→ **Records shown**:
────────────────

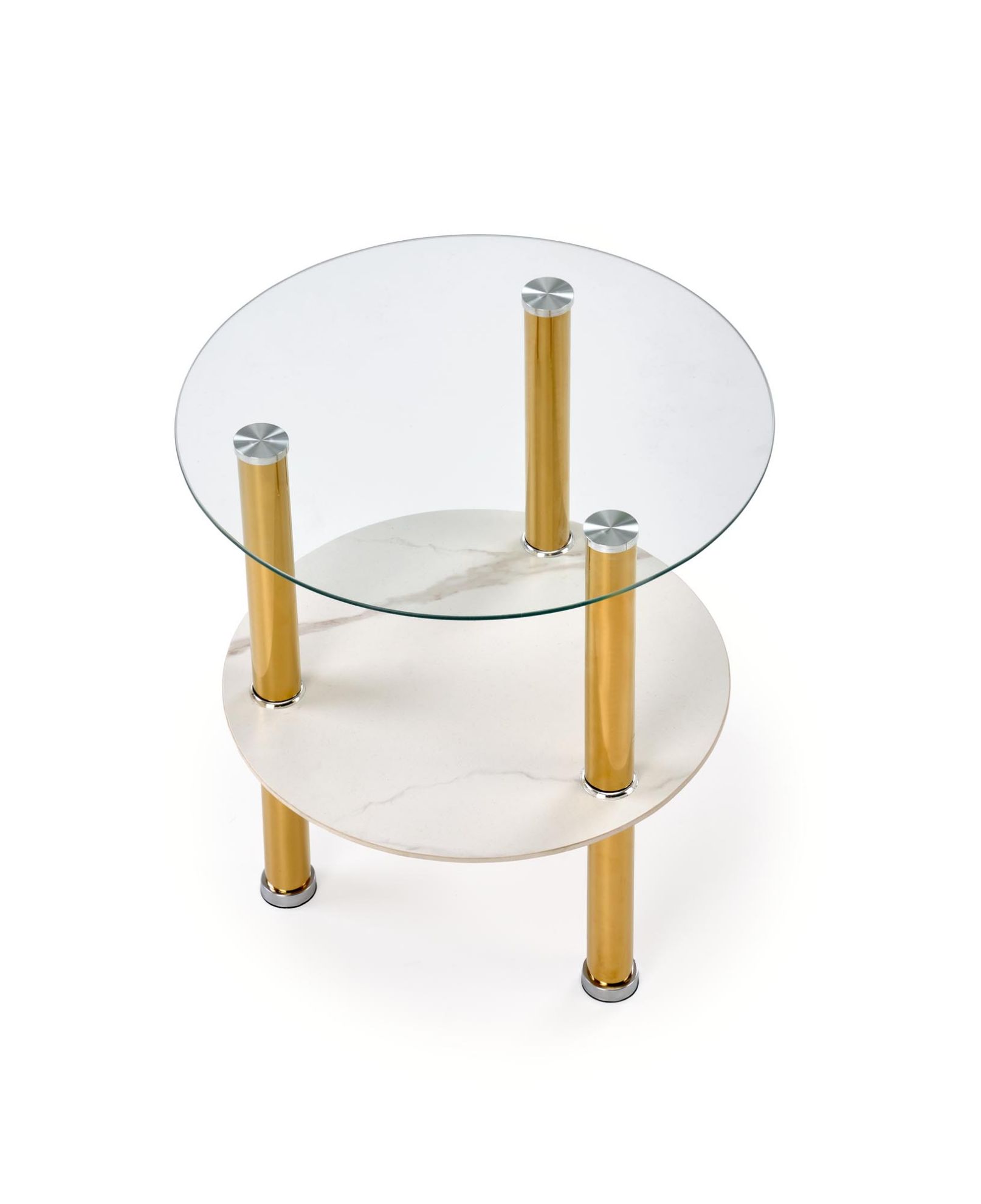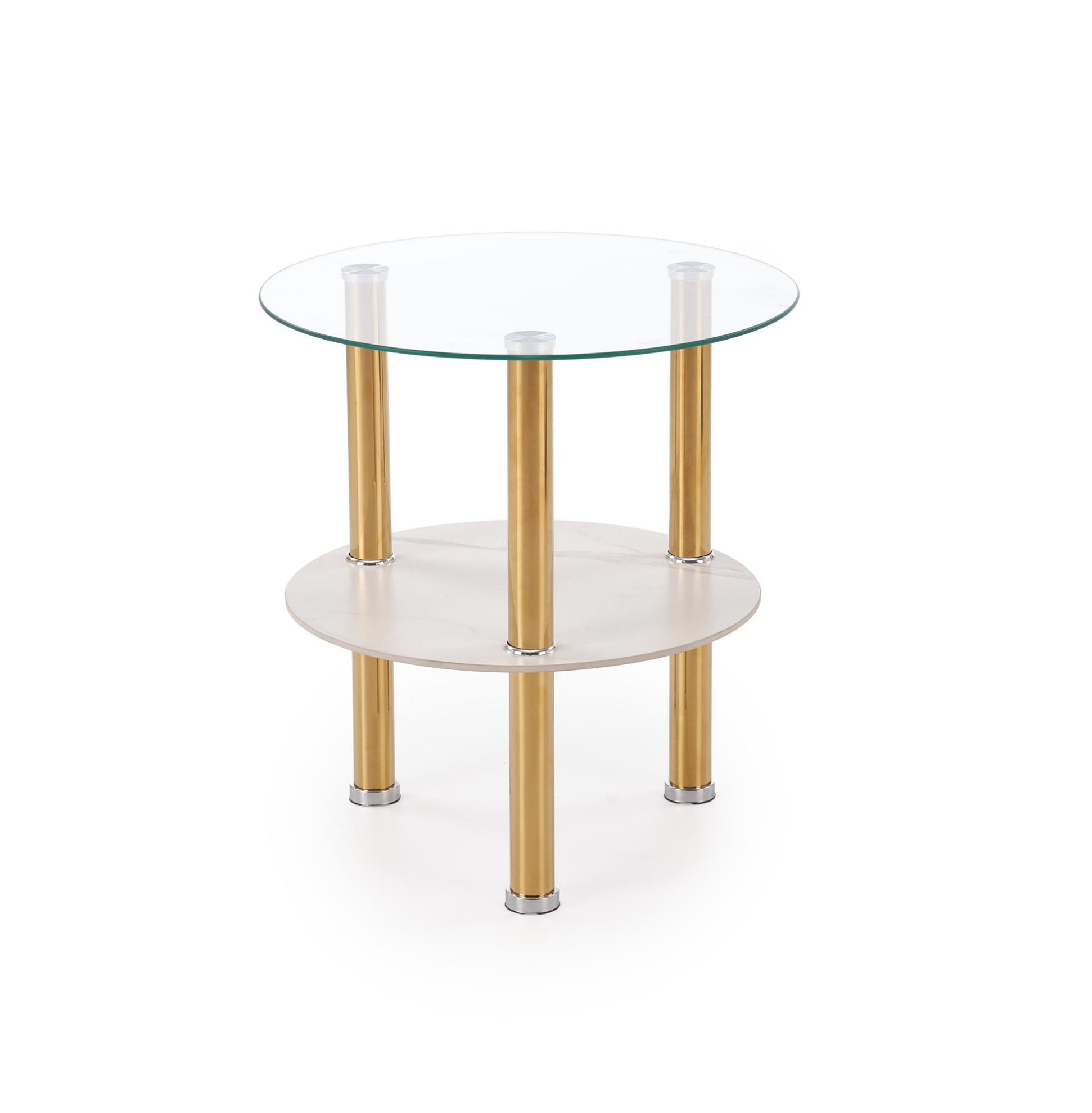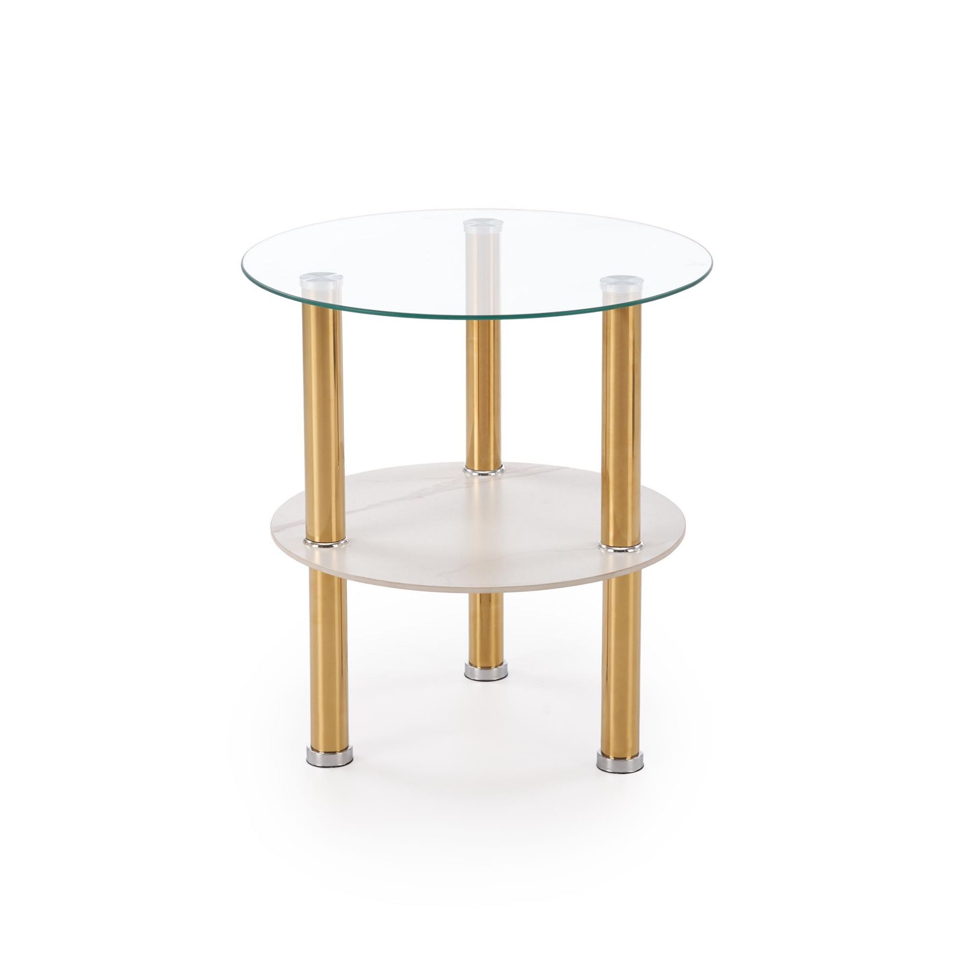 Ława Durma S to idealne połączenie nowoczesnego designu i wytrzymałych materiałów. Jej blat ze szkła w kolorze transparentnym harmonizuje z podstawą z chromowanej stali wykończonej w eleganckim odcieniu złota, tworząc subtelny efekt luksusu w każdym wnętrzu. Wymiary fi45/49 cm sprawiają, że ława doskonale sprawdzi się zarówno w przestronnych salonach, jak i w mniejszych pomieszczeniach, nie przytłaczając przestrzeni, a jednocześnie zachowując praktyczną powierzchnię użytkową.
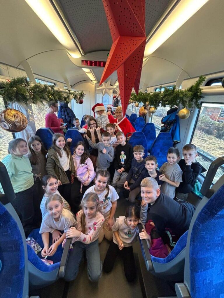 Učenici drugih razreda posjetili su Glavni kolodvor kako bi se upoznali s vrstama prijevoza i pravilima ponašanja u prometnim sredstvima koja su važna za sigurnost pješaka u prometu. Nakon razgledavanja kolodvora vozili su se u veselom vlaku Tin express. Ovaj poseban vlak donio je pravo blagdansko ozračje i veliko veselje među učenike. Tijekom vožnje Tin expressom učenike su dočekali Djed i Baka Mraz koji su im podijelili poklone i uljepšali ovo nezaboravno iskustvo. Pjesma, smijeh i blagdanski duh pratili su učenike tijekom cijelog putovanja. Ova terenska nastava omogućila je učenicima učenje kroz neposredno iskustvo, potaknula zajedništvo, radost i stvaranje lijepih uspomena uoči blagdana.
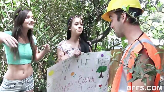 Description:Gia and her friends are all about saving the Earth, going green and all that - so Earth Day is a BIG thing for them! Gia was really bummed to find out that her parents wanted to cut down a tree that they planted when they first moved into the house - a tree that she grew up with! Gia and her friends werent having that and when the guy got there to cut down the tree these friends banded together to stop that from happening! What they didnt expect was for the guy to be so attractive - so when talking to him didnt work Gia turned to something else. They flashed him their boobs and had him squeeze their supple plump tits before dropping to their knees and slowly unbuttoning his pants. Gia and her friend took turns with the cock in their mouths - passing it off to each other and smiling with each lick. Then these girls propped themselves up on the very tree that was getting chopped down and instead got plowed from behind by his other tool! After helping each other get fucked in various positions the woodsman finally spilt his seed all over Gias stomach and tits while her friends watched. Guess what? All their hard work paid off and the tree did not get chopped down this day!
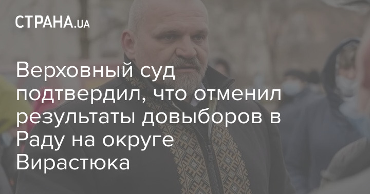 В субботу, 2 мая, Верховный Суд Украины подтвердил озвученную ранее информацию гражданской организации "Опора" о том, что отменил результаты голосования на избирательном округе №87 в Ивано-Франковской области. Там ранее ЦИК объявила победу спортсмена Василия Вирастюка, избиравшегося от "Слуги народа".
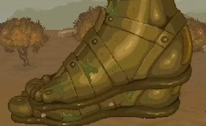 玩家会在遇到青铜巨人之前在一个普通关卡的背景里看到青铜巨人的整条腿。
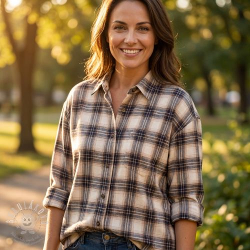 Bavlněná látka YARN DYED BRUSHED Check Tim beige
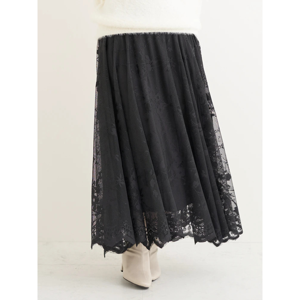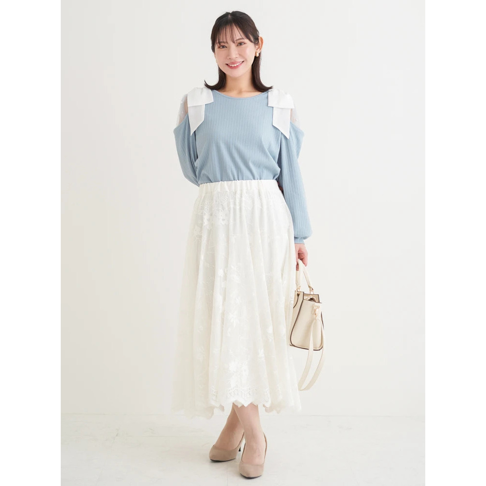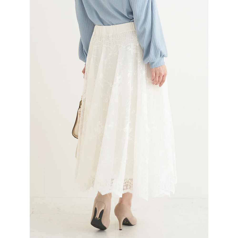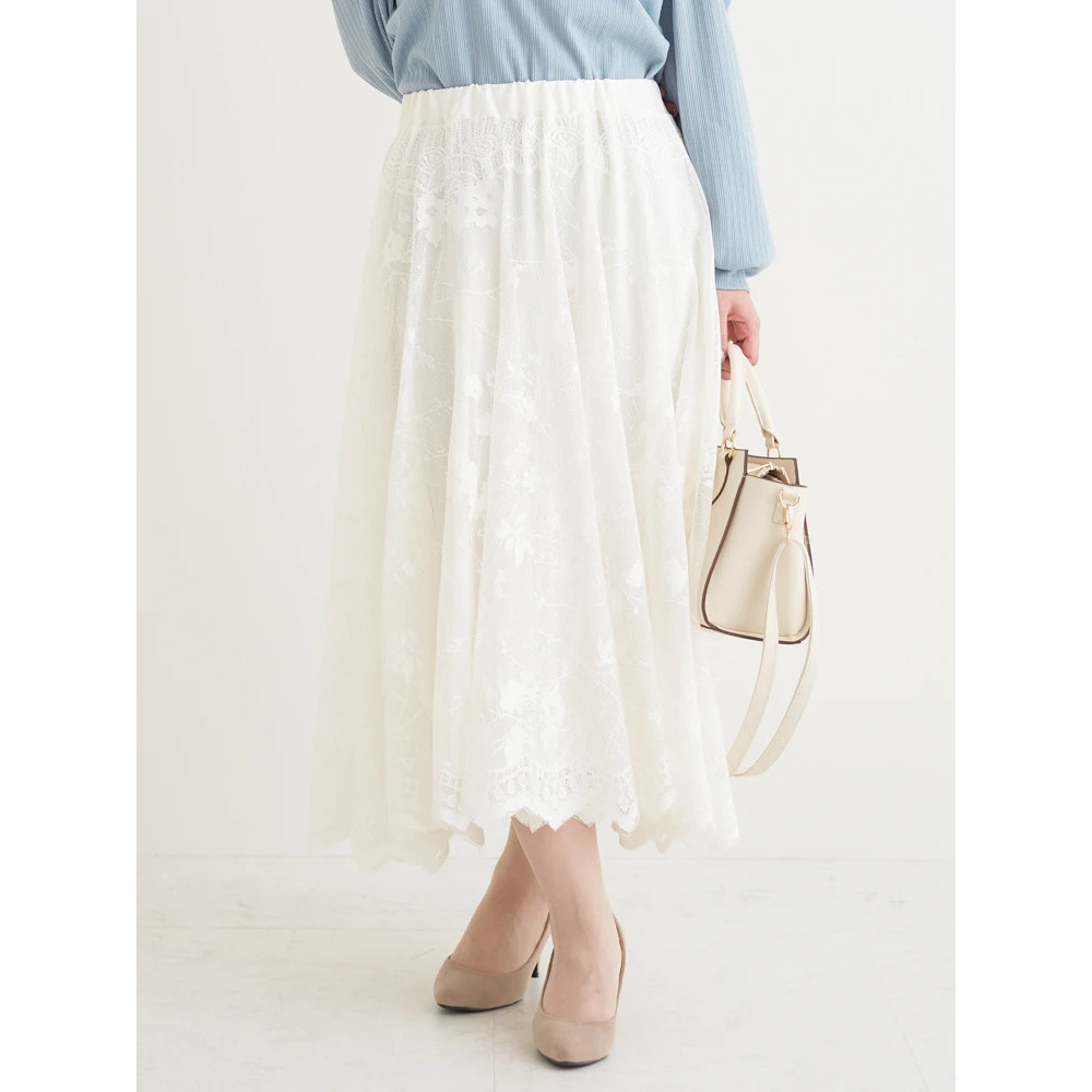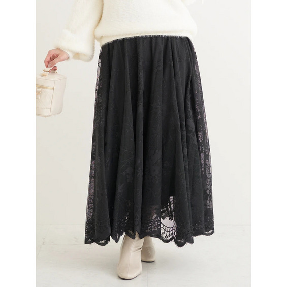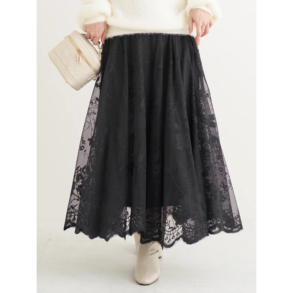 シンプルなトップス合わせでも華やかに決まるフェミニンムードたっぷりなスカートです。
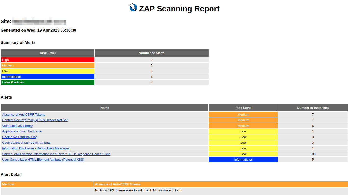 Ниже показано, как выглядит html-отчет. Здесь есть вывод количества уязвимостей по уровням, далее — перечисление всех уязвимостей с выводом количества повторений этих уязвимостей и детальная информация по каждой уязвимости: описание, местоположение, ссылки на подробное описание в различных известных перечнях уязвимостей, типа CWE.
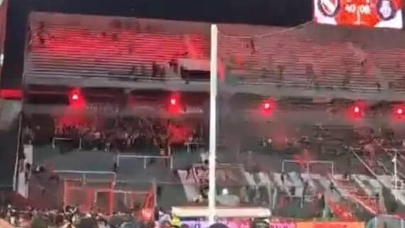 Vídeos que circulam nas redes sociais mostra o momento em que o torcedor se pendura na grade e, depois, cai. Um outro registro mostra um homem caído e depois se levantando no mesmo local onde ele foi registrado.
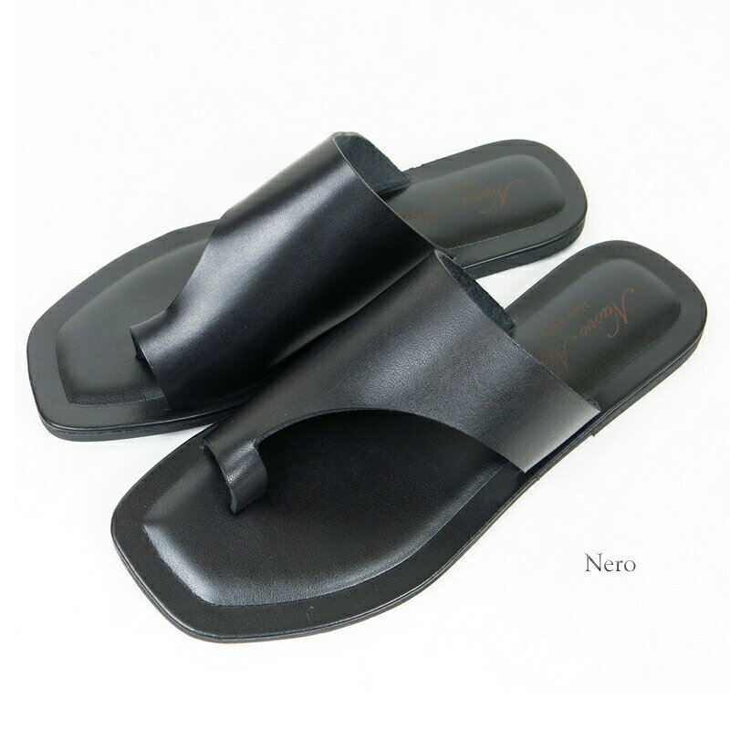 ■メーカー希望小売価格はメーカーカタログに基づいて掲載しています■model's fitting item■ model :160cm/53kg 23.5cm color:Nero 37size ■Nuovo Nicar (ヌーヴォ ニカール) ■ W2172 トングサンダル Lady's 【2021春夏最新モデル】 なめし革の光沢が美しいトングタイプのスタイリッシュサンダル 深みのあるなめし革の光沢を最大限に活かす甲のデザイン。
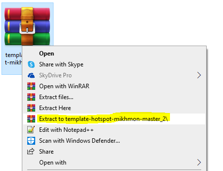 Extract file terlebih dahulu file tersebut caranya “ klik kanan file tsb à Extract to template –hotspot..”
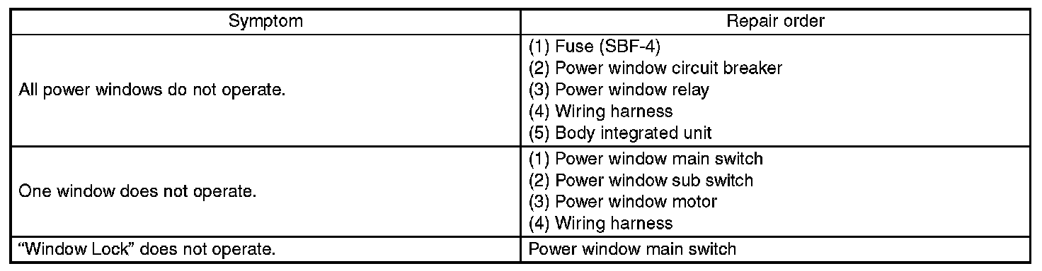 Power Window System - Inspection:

────────────────

→ **Prompt**:
The span to retype runs from the line containing "Vídeos que circulam" through the last line of the listing above, both ends included; copy it exactly, without pictures.

→ **Result of this exercise**:
 Vídeos que circulam nas redes sociais mostra o momento em que o torcedor se pendura na grade e, depois, cai. Um outro registro mostra um homem caído e depois se levantando no mesmo local onde ele foi registrado.
 ■メーカー希望小売価格はメーカーカタログに基づいて掲載しています■model's fitting item■ model :160cm/53kg 23.5cm color:Nero 37size ■Nuovo Nicar (ヌーヴォ ニカール) ■ W2172 トングサンダル Lady's 【2021春夏最新モデル】 なめし革の光沢が美しいトングタイプのスタイリッシュサンダル 深みのあるなめし革の光沢を最大限に活かす甲のデザイン。
 Extract file terlebih dahulu file tersebut caranya “ klik kanan file tsb à Extract to template –hotspot..”
 Power Window System - Inspection:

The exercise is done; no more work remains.